How To Prepare a Construction Business for Autonomous Vehicles
Think about the world, more than a decade ago, before everyone on the planet had an internet-connected supercomputer in their pocket. The iPhone has changed the world dramatically in ten short years, displacing old solutions and jobs, while creating numerous new industries. Today, we are talking about autonomous vehicles.
And autonomous vehicles will cause disruption on a much larger scale.
In the next ten to twenty years, a substantial amount of workers are going to be replaced by autonomous vehicles. The frequently cited example is long-haul trucking, which employs 3.5 million Americans (8.7 million if you include positions that don’t include driving.) Autonomous trucking is a reality but it’s not going to happen overnight. We’ll see pilots for specific tasks in specific regions that leads to a broader roll-out across the world. Eventually, there will be fewer, higher-paying jobs for maintenance and last mile delivery. But we have some time – there’s a generation of workers that can plan for today’s jobs to disappear.
This longer-term rollout is due to a variety of factors – autonomous trucks will have to share roads with cars and trucks driven by humans; trucking is a regulated industry with legal accountability and regulated processes for transporting goods; and today, last-mile transportation still requires humans present to take vehicles off the highway, even in autonomous vehicles.
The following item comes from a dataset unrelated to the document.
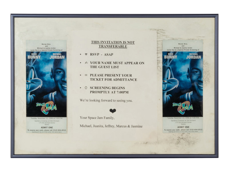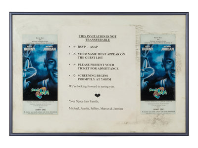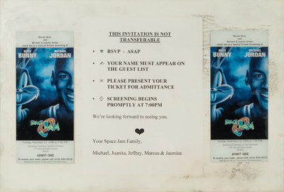Invitation display features two tickets to November 12, 1996 Space Jam premiere at Gardens Cinemas, Old Orchard Center, Skokie with invitation note stating "We're looking forward to seeing you. Your Space Jam Family, Michael, Juanita, Jeffrey, Marcus & Jasmine"

Autonomous vehicles are going to cause disruption in other industries much earlier: agriculture, construction, and landscaping are rapidly adopting autonomous vehicles. Together these industries employ close to 11 million Americans. There are two key reasons why these industries will adopt autonomous vehicles faster:
1. These industries mostly operate on private land, free of traffic-related regulations
2. There are strong cost-saving incentives for business owners to migrate from human capital to autonomous vehicles
Farming is a perfect example. Today, as an owner of agricultural equipment you’re limited by your regional relationships and daylight hours. With autonomous equipment, you could follow the weather, planting seeds in the ground 24/7 in optimal growing conditions.
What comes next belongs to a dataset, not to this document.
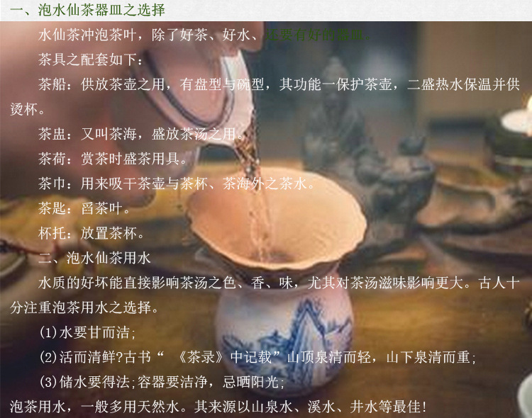 冲泡水仙茶注:水温和茶水量也会影响冲泡时间的高低,如果水温高,请多喝茶,冲泡时间要短一些;否则,冲泡时间应当更长一些。但是,最最主要的是要着眼于适当饮用者的口味。以上介绍愿意对大家有所帮助。

Some farmers already do this with their combines. Combines start in Florida early in the year and operators follow the climate – as the harvest season progress, these combines move northward towards Canada to work in regions with the most demand at any given time.
Operating dates in agriculture are limited. Today that means operators work 18 hours a day, creating safety issues and increasing labour costs. With autonomous vehicles, machines can operate 24/7 without risk.
These business advantages offer powerful incentives – broader geographic reach, more operating hours in any season, increased performance, and increased safety. We’re going to see a very fast migration to autonomous vehicles in these industries over the next five to ten years with a large disruption to employment.
Autonomous Vehicles If You’re a Business Owner
In Canada, there are roughly 350,000+ contractors. The majority of those people got into it because they were really skilled at their trade and have an innate knowledge of how to run a business in their industry where little formal training exists.
This group needs to continue its focus on education, and building its business skills immediately. They need to be open to testing out technology as fast as they can and adapting their business to this new model.
It will be hard. It’s expensive to test new technology. There’s a concept of burning daylight: every hour that you spend testing or learning something new, you’re not making your hourly rate. But you need to do it.
Autonomous Vehicles If You’re An Operator
If you’re highly skilled and recognized as the expert in some way, it may make sense to focus on craftsmanship over commoditization. For many operators, these jobs could disappear.
Jobs in agriculture, construction, and landscaping are changing and will evolve as autonomous vehicles continue to emerge. The next five years will be gradual, and then suddenly many of the jobs could be gone.
So how do you get your business ready? We need to prepare and educate ourselves to mitigate job loss. Just like the iPhone ten years ago, it’s about evolving the way we work and live. We must face disruption with a readiness to grow.